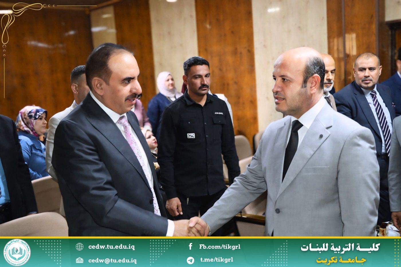 بحضور الأستاذ الدكتور وعد محمود رؤوف رئيس جامعة تكريت، والأستاذ الدكتورة نجلاء عبدالحسين عليوي عميد كلية التربية للبنات، الأستاذ اسماعيل الهلوب عضو مجلس محافظة صلاح الدين
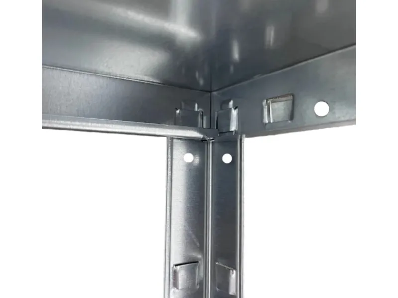 Vorhandene Verstellraster ermöglichen ein flexibles und müheloses Einstecken der Fachböden auf die gewünschte Ebene. Das Regal ist modular erweiterbar durch ein zusätzliches Anbauregal.
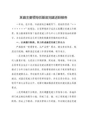 某县主要领导抓基层党建述职报告一年来,在市委、市政府的正确领导下,我始终坚持××××××××的理念,自觉带领班子成员认真履行党建工作职责,努力探索新形势下基层党建工作与中心工作紧密结合的新路子,为全县经济社会又好又快发展提供坚强的组织保证。一、认真履行职责,努力形成基层党建工作合力严格按照党要管党、从严治党要求,健全责任体系,规范运行机制,确保基层党建工作责任明确,领导有力。一是身体力行带头抓。坚持把基层党建工作摆在突出位置,列入重要日程,与经济工作同部署、同检查、同考核。今年以来县委常委会先后×次对基层党建议题进行专题研究和部署,有力推动了全年目标任务的落实。积极带领县四大班子党员领导建立基层党建联系点,平时能带头深入基层一线了解情况、听取意见建议,对基层党建工作进行经常性指导,并在县委全委会、全县领导干部大会等会议中,对新时期加强基层党组织建设提出具体要求。二是明确责任分级抓。及时调整党建工作领导小组,各地各部门成立相应的领导小组,形成了县、镇、村三级党建工作责任网络,形成上下联动、齐抓共管的工作局面。年初制定基层党建工作计划,召开全县党建工作会议,对基层党建工作进行全面部署。每年与各直属党(工)委签订强基工程目标责任书。对照责任书,出台考核细则,认真开展检查验收,并将考核结果纳入年度目标考核内容。三是强化保障合力抓。将基层党建工作经费列入县镇两级财政预算,形成合理增长机制,今年县级财政用于基层党建经费达×××万元。加强党建工作力量保障,优化镇(街道、区)组织委员队伍。着力加强阵地保障,在确保各村(社区)按××××标准建好活动场所的基础上,探索建立非公网格党群服务中心,确保党建活动阵地全覆盖。二、强化工作措施,努力增强基层党建工作实效严格按照基层党建工作责任制要求,强化措施,狠抓落实,切实为全县经济社会又好又快发展提供坚强组织保证。一是基层组织建设年活动扎实开展。以开展基层组织建设年活动为契机,不断深化创先争优活动。对全县×××个基层党组织进行分类定级并整改落实,×××个基层党组织实现了晋位升级。收集汇总了×××多个基层组织建设年创新案例、典型事迹和务实管用制度,表彰了××个创先争优先进基层党组织和××名创先争优优秀共产党员,在全县营造了学先进、赶先进、创先进的浓厚氛围。积极开展党员关爱月活动,募集党员关爱基金××多万元,七一前夕,走访慰问了全县建国前老党员、贫困党员和×××户低保和低保边缘户,发放党员关爱基金××万多元、生活困难党员帮扶基金××万元,构建了帮扶困难群众、共创共享和谐的经常性机制。二是基层党组织建设全面加强。加强农村党组织规范化建设,全面推行党群议事会×××制度。大力推进非公企业党组织组建工作,非公党组织组建率达××%。新增社会组织党组织×个,覆盖社会组织××个新建专业合作社党组织×个,开创了全县非公经济和社会组织党建工作的新局面。深入开展××××活动,×个机关党组织和×名党建指导员获市×××活动先进党组织和优秀党建工作指导员荣誉称号。三是党员教育管理规范创新。按照发展党员十六字方针推行了发展党员纪检、公安等部门联合审查制,严把党员入口关,同时注重党员发展数量和结构,确保了新党员质量。积极探索党员出口机制,新增××个党员出口机制试点单位。加强党员动态管理。建立组织、公安、人社等部门信息共享机制,及时发放流动党员活动证,加强流动党员双向管理。三、坚持改革创新,努力提升基层党建工作水平积极鼓励创新,在努力做好规定动作的同时,创新了一些自选动作,扩大了基层党建工作的影响力。一是积极探索农村、社县党建工作新模式。创新农村基层党组织设置。围绕农村特色产业发展,探索专业合作社党建工作,把农村党支部建在产业链上,党小组建在致富项目上。注重双强型党组织书记培养,提出了村书记队伍建设选任、培训、管理、激励四大机制。二是积极探索两新组织党建工作新途径。非公有制经济和社会组织党建方面,提炼了五一工作法,通过一本案例示范、一种模式推进、一项活动提升、一支队伍指导、一个阵地保障,进一步激活党组织活力。开展××××活动,通过送政策解发展难题,送法律解维权难题,送招聘解用工难题,送培训解技术难题,送平安解安全难题,送和谐解维稳难题和送温暖解生活难题,促进机关转变作风,更好地服务企业、服务发展。三是积极探索共产党员发挥先锋模范作用新形式。开展一周党员秀活动,在相城党建网以及各镇(街道、社区)门户网站开设专栏,通过图片、文字和视频形式,宣传农村、社区、非公经济组织等领域一线党员的先进事迹,秀品德、秀技能、秀观点,以身边人身边事为榜样,展示新时期共产党人的良好形象和精神风貌。一年来,在基层党建方面努力做了一些工作,也取得了一些成绩,但与上级的要求和群众的期盼相比,
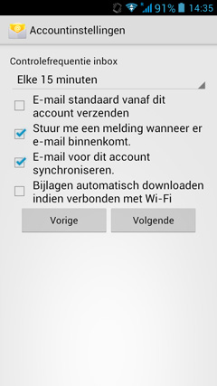 - Bij 'Accountinstellingen' kan je o.a. opgeven hoe vaak jouw mailbox gecontroleerd moet worden op nieuwe email. Schakel hier naar eigen wensen opties in of uit.
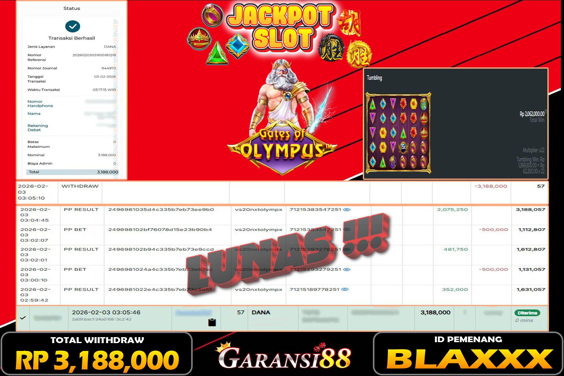 JACKPOT GATES OF OLYMPUS 3 FEBRUARI 2026
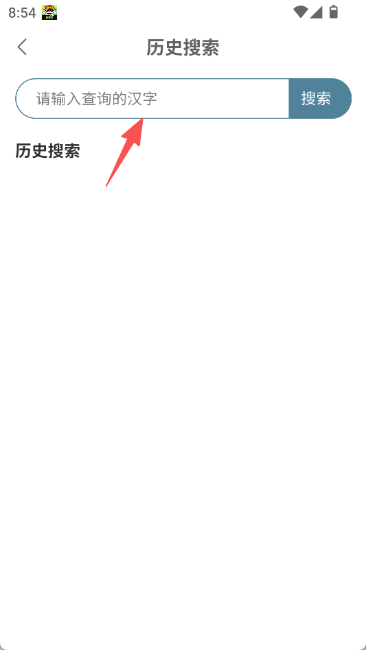 3、若需查看历史搜索,点击“历史搜索”选项,在对应搜索栏可再次输入汉字搜索。

------------------------------------------------

Action item
Pictures are to be omitted. The lines from the line holding "- Bij 'Accountinstellingen'" through the closing line of the data above are to be set down exactly, and nothing more.

Result of the exercise
 - Bij 'Accountinstellingen' kan je o.a. opgeven hoe vaak jouw mailbox gecontroleerd moet worden op nieuwe email. Schakel hier naar eigen wensen opties in of uit.
 JACKPOT GATES OF OLYMPUS 3 FEBRUARI 2026
 3、若需查看历史搜索,点击“历史搜索”选项,在对应搜索栏可再次输入汉字搜索。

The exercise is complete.